It is Summer, 1950, and twenty-two year old Nathan Oliveira, an aspiring painter, has joined a motley group of about 30 students who have been drawn to Mills College by the presence of an art world celebrity: the German master in exile Max Beckmann. With World War II only five years distant, the American avant garde has begun it's love affair with abstract art, and on both coasts abstraction is the progressive style. Abstraction is also America's way of avoiding specific narrative content in art, and after the horrors of war, brought home in stunning newsreels and photographs, this avoidance provides a kind of relief.

Oliveira, who had been studying at the California College of Arts and Crafts understands that the terse, craggy walls of color created by Professor Clyfford Still in Oakland represent the West Coast vanguard of California Modernism. To be in the class of Beckmann who disliked abstraction and compared it to "nail polish" went against the current trends.
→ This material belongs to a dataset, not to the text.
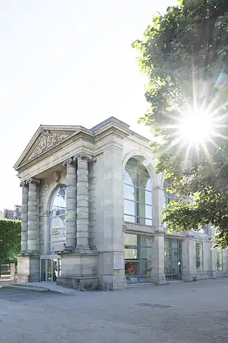 From 1989, as part of the Grands Projets of François Mitterrand, the building underwent a $10 million renovation by architect Antoine Stinco, resulting in about 1180 square metres (12,700 square feet) of exhibition space spread across three floors. The formerly walled-in reception hall was transformed into an atrium-like open area flooded with natural light from large bay windows, allowing views of the neighboring Tuileries Gardens, Place de la Concorde, and Eiffel Tower.[4] The top floor features a series of galleries lit by skylights.[11]

Not only did Beckmann's style, with its Gothic insistence on metaphor and storytelling seem to be past it's heyday, but his classroom performance at first seemed to be beyond tired. Beckmann spoke only a few words of English, and relied on his wife Quappi to translate his public speeches. Could this German in exile, an insomniac who saw every policeman as a Gestapo agent, summon the energy to inform and teach his students? His class at Mills must have been aghast as they watched a scene that Oliveira still remembers vividly:

"Once he was surfing the room and he came up to a little old lady who had no idea who Beckmann was, nor cared. She cared only for a small painting of a house that she had been working on for about two weeks, on a small canvas board. He just passed her many times but this time he stopped, and she stepped back assuming that he would add the golden touch to her piece, and then it would be finished.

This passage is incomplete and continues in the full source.